Reputation: 2294
I want to create the external hive table from nested json data but fields should be flatten out from nested json.
For Example:-
{
"key1":"value1",
"key2":{
"nestedKey1":1,
"nestedKey2":2
}
}
Hive table should have format or fields flatten out like
key1: String, key2.nestedKey1:Int,key2.nestedKey1:Int
Thanks In Advance
Upvotes: 1
Views: 1996
Reputation: 31490
Use JsonSerDe
and create table with below syntax:
hive> create table sample(key1 string,key2 struct<nestedKey1:int,nestedKey2:int>)

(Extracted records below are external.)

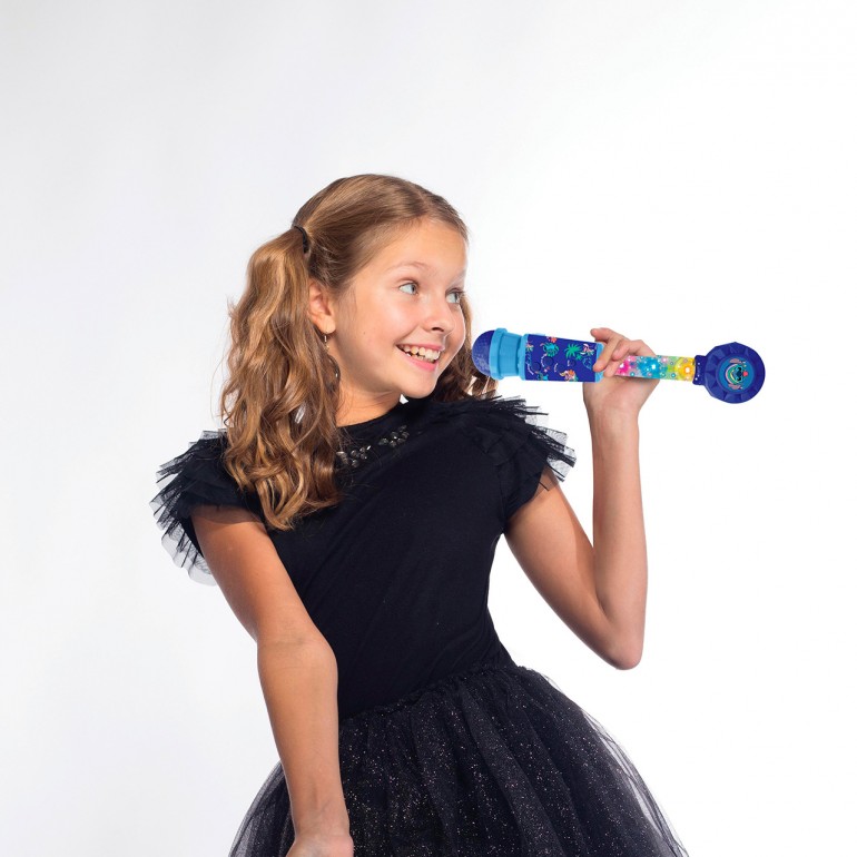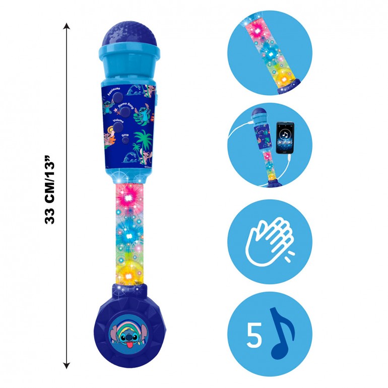 Sing along with your child with this adorable microphone with multicolored lights. With built-in songs and auxiliary connection for compatible devices, you can effortlessly practice singing and prepare for your next performance. Get motivated with the applause mode, which encourages you to sing along.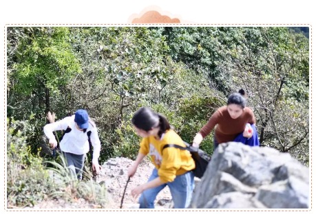 爬山既是一种锻炼身体的好方式,又能让人亲近自然、心情平静。而平日里都身处都市丛林的我们,坐惯了电梯,走惯了坦荡的大马路,乍一踏上这种狭窄坎坷的羊肠小道,既觉得新奇,又感到紧张,不少人没过多会儿就开始气喘吁吁。爬山的过程比想象中更加富有挑战性,还好,有了同伴的帮扶和鼓励,再陡峭的山头也能翻越过去。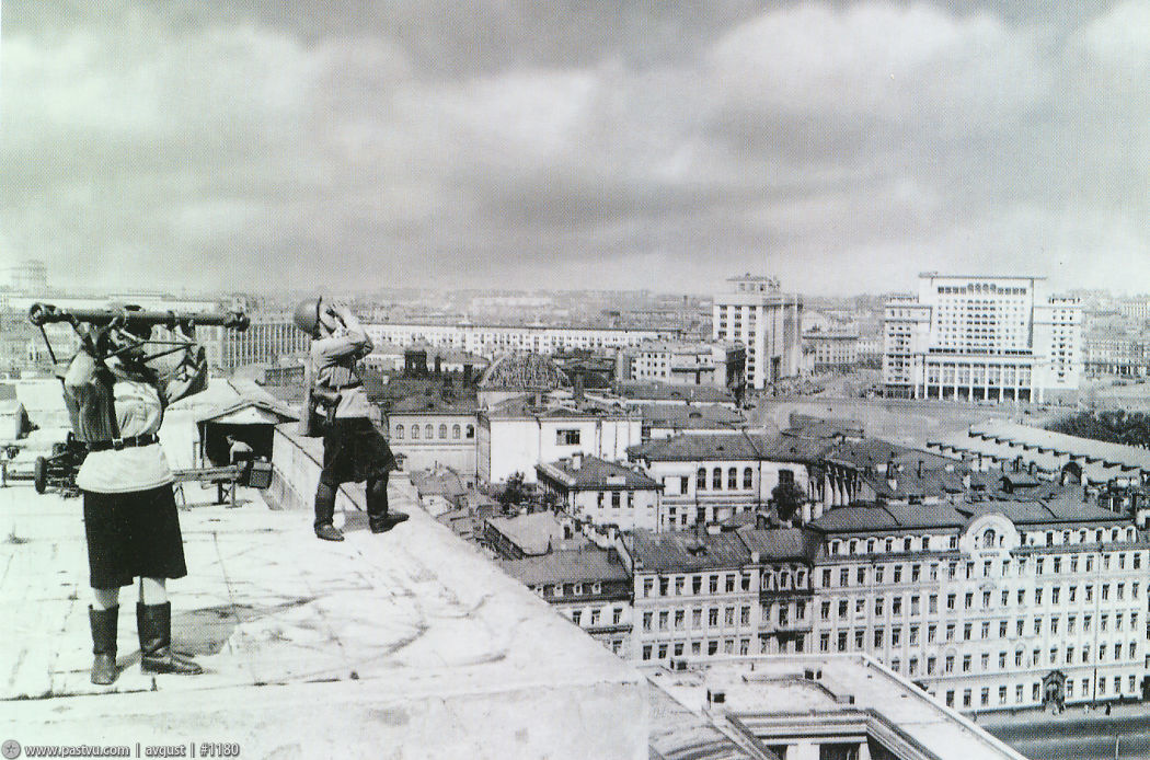 Точно, книгохранилище (Староваганьковский 3/5 стр 5). Вот еще фотография с этой же крыши. Девушки из ВНОС, приблизительно 43 год, за заднем плане тоже ЗУ, на крыше характерная плитка. Привязка 100%, с крыши отлично видно приемную старика Калинина. |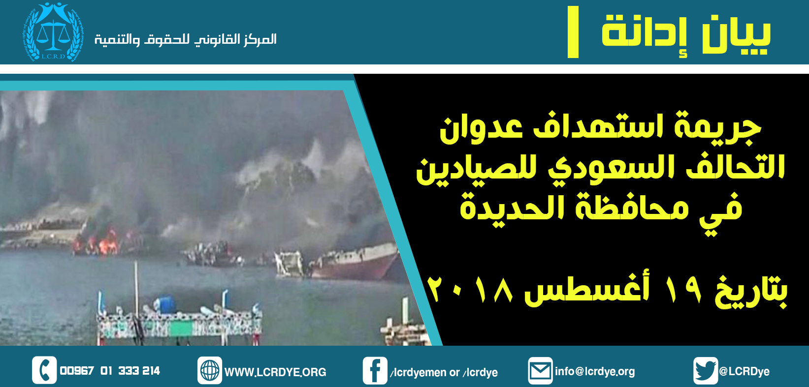 بيان إدانة| جريمة استهداف عدوان التحالف السعودي للصيادين في محافظة الحديدة بتاريخ 19 أغسطس 2018م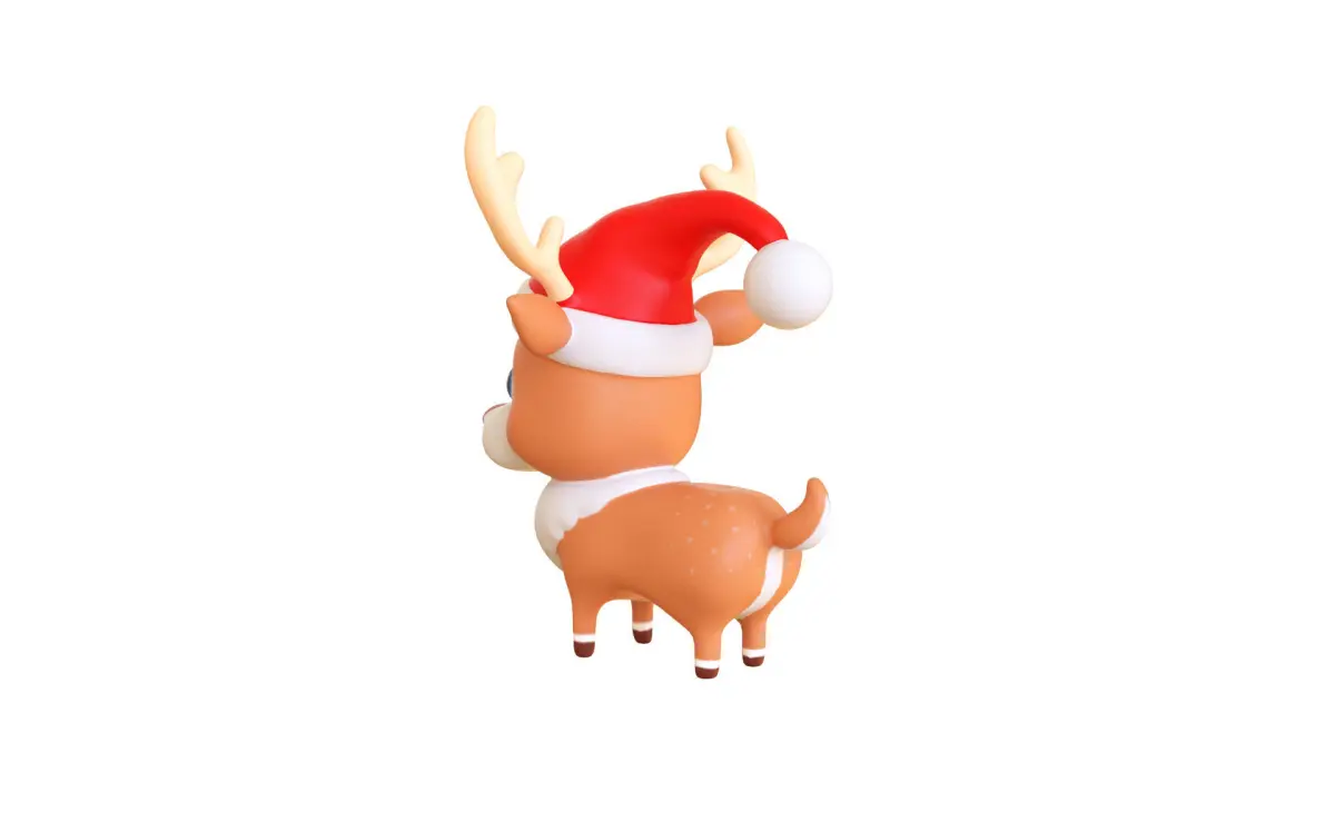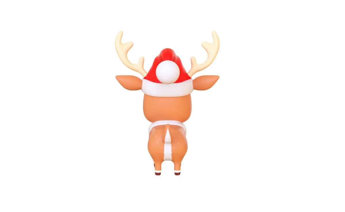 Cute Reindeer Wearing Santa Hat 3D Model - Christmas Decor - Low Poly & High Detail 3D Asset

ROW FORMAT SERDE 'org.apache.hive.hcatalog.data.JsonSerDe';
hive> select key1,key2.nestedkey1,key2.nestedkey2 from sample;
+---------+-------------+-------------+--+
| key1 | nestedkey1 | nestedkey2 |
+---------+-------------+-------------+--+
| value1 | 1 | 2 |
+---------+-------------+-------------+--+
hive> select * from sample;
+--------------+----------------------------------+--+
| sample.key1 | sample.key2 |
+--------------+----------------------------------+--+
| value1 | {"nestedkey1":1,"nestedkey2":2} |
+--------------+----------------------------------+--+
(or)
If you want to create table with flatten out json fields
then use RegexSerDe
and matching regex to extract nestedkey from the data.
Refer this link for more details regards to regex serde.
UPDATE:
Inputdata:
{"key1":"value1","key2":{"nestedKey1":1,"nestedKey2":2}}
HiveTable:
hive> CREATE TABLE dd (key1 string, nestedKey1 string, nestedKey2 string)

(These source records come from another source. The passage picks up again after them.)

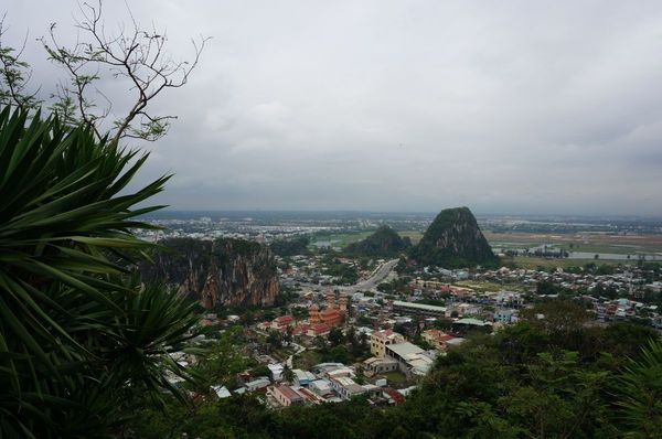 Las Marble Mountains (montañas de mármol) son cinco montañas de mármol que representan 5 elementos naturales: agua, madera, fuego, metal y tierra. En su cima se hallan pagodas, cuevas, templos, etc. De las 5 solo es posible subir a una de ellas, la más alta: Thuy Son (agua). Si la visitáis os topareis con varias pagodas en el camino y cuevas que albergan altares, esculturas, Budas, sepulcros budistas. Una de las cuevas sirvió como hospital durante la guerra del Vietnam. Desde lo más alto hay vistas panorámicas del entorno y de las otras montañas.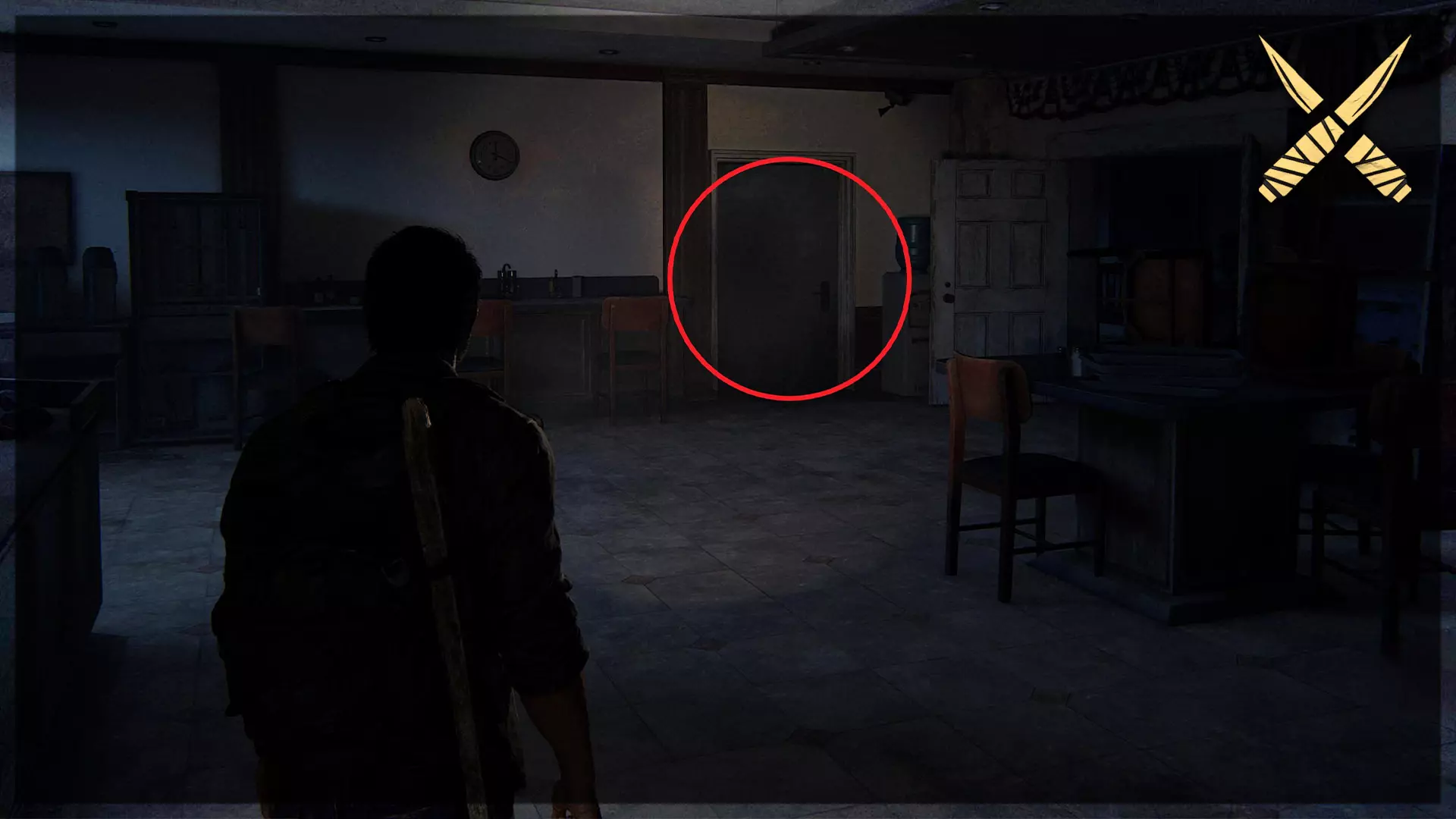 Shiv门(2/13) 当你与泰丝和艾莉分开后,会遇到一些循声者。左侧厨房区域会有Shiv门。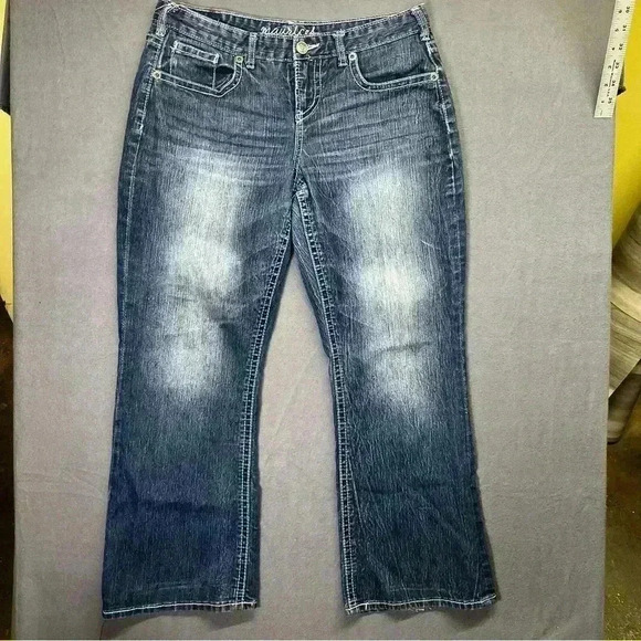 Maurices Denim Stretch Bootcut jeans Womens 7/8 X-Short Cute Blue Faded 1146

ROW FORMAT SERDE 'org.apache.hadoop.hive.serde2.RegexSerDe'
WITH SERDEPROPERTIES
('input.regex'=".*:\"(.*?)\",\"key2\":\\{\"nestedKey1\":(\\d),\"nestedKey2\":(\\d).*$");
Select data from the table:
hive> select * from dd;
+---------+-------------+-------------+--+
| key1 | nestedkey1 | nestedkey2 |
+---------+-------------+-------------+--+
| value1 | 1 | 2 |
+---------+-------------+-------------+--+
Upvotes: 1